- Simplified Chinese: 中国特色社会主义道路
- Traditional Chinese: 中國特色社會主義道路

Standard Mandarin
- Hanyu Pinyin: Zhōngguó tèsè shèhuìzhǔyì dàolù

= Path of socialism with Chinese characteristics =

Chinese Communist Party ideology

The "path of socialism with Chinese characteristics" is a term and slogan the Chinese Communist Party (CCP) uses to describe its program.
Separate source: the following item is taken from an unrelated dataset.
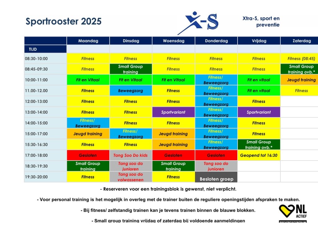 Let op, tijdens de bouwvak weken hanteren wij een zomerrooster. Deze kunt u opvragen bij de trainers en zal ook op onze socials gedeeld worden.

It is also one of the four components of socialism with Chinese characteristics.

== History ==
The term was first put forward at the 12th National Congress of the Chinese Communist Party in September 1982 by Deng Xiaoping.

== Content ==
According to the path of socialism with Chinese characteristics, under the CCP's leadership, China must base it on the basic national conditions, focus on economic development, adhere to the Four Cardinal Principles and to Reform and Opening Up, liberate and develop social productive forces, construct a socialist market economy, socialist democratic politics, socialist advanced culture, socialist harmonious society and socialist ecological civilization, promote the development of people, gradually realize common prosperity, build a prosperous, democratic, civilized, harmonious, and beautiful socialist modern country, and achieve the great rejuvenation of the Chinese nation. It is one of the four components of socialism with Chinese characteristics, along with its theoretical system, system and culture.